### PROVIDED RECORDS

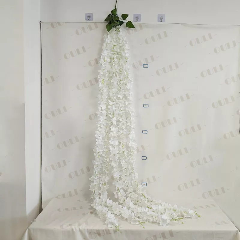 Ang bawat nakabitin na wisteria artipisyal na bulaklak ay may limang wisteria vines, na makabuluhang pagtaas ng density ng dekorasyon.
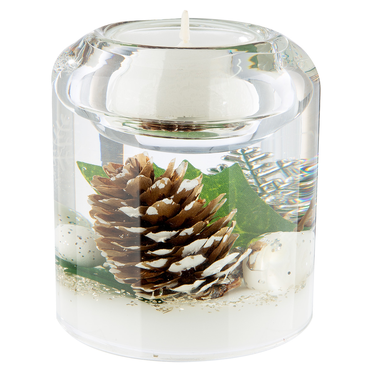 Dreamlight, Suport lumanare tip tealight, Candela Smart, „Winter Time”, Sticla, verde, alb, PU 6, H 8 cm, A. 7 cm
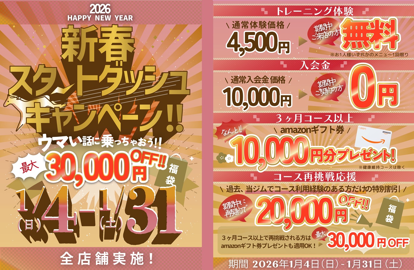 パーソナルトレーニング、ピラティス、ヨガ、キックボクシング、骨格矯正など、複合的なオーダーメイドメニューを提供するパーソナルジム『E9th PRIVATE GYM(イーナインス)』を運営する株式会社e9th(本社:長野県長野市、代表:小柳竜也)は、2026年1月4日(日)から1月31日(土)までの期間限定で、お得な「新春キャンペーン」を実施いたします。
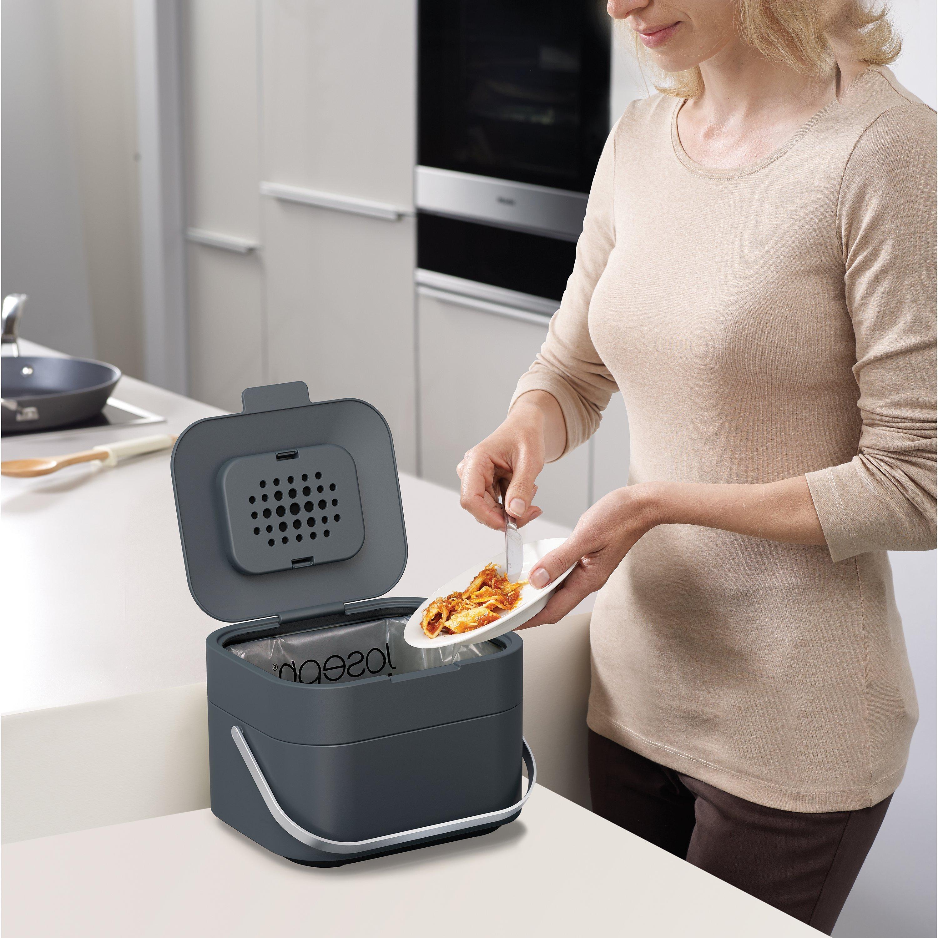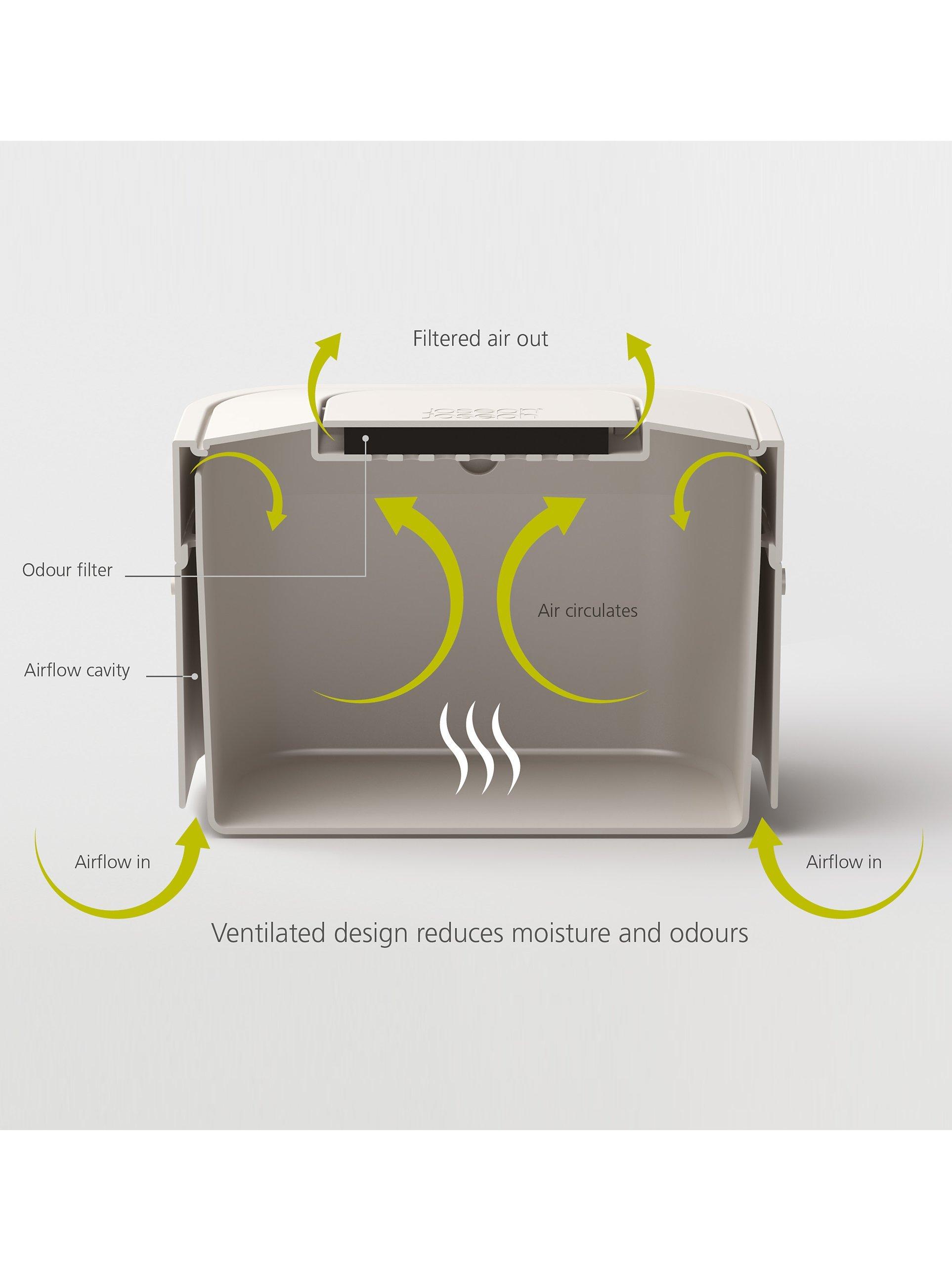 This clever caddy has been carefully designed to help reduce the smell from collected food waste. It has a unique, ventilated design that allows air to enter and circulate inside the caddy, which helps to reduce moisture - the main cause of unpleasant odours from decomposing food. In addition, it features a replaceable odour filter in the lid that works in tandem with the fresh air to help trap any smells that do occur.
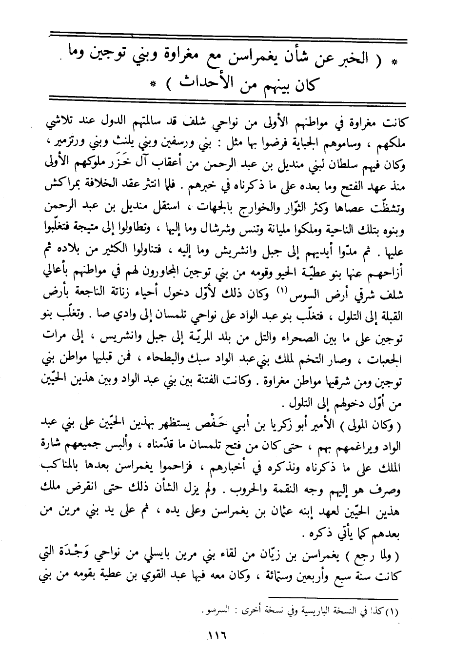 (الخبر عن شأن يغمراسن مع مغراوة وبني توجين وما كان بينهم من الأحداث)
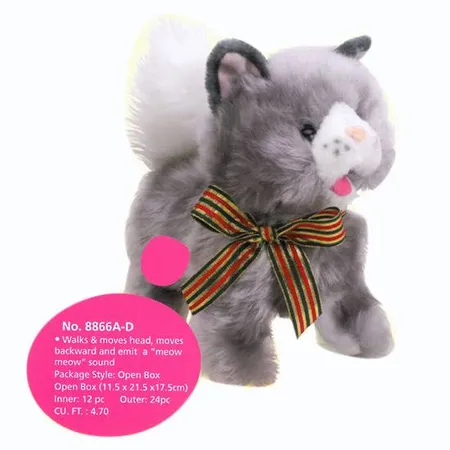 The battery-operated plush cat has a cute and adorable face. The brilliant striped bow stands out beautifully against its fluffy gray fur. This adorable and elegant plush cat will make a lasting impression as a gift or display.
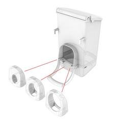 Questa mangiatoia è adatta a tutti i tipi di canarini ed esotici. Viene fornita con 3 riduzioni, in modo che l'allevatore possa scegliere quella più adatta ai soggetti da lui allevati.
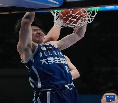 3月7日,大学生联队球员王浩霖(前右)在比赛中扣篮。新华社记者 孟永民 摄
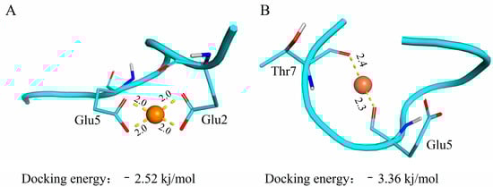 Figure 5A,B are the most reliable binding models established by the docking of GEHIEESR and HAVSEGTK with ferrous ions, respectively. It can be seen from the figure that the ferrous ion sites are Glu2, Glu5 and Glu5, Thr7, which also suggests that Glu is one of the main binding sites for ferrous ions. This result is consistent with the results of amino acid composition (Section 3.5). The molecular docking results of the decapeptide zinc chelate prepared by Fan et al. [35] showed that glutamic acid was one of the main amino acids for zinc binding. Subsequently, some studies have proven through molecular docking that the binding of Mytilus edulis osteogenic peptides to calcium ions is mainly due to the contribution of Glu [36,37]. The docking type of ferrous ion with GEHIEESR and HAVSEGTK has electrostatic interactions and metal acceptors. Electrostatic interactions play an important role in the binding of GEHIEESR to ferrous ions. The binding of HAVSEGTK to ferrous ions is as a metal receptor. This result is similar to that of the hydrophobic peptide zinc chelate in oysters [38].
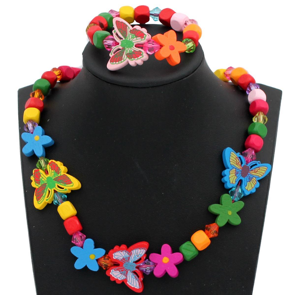 Κολιέ ξύλινο"λουλούδια και πεταλούδες" ελαστικό one size 70544

### YOUR INSTRUCTIONS
Using the entries above, extract exactly the lines from the one that contains "Questa mangiatoia è" through the one that contains "3月7日,大学生联队球员王浩霖(前右)在比赛中扣篮。新华社记者 孟永民 摄". Do not carry over any pictures.

### TASK OUTPUT
 Questa mangiatoia è adatta a tutti i tipi di canarini ed esotici. Viene fornita con 3 riduzioni, in modo che l'allevatore possa scegliere quella più adatta ai soggetti da lui allevati.
 3月7日,大学生联队球员王浩霖(前右)在比赛中扣篮。新华社记者 孟永民 摄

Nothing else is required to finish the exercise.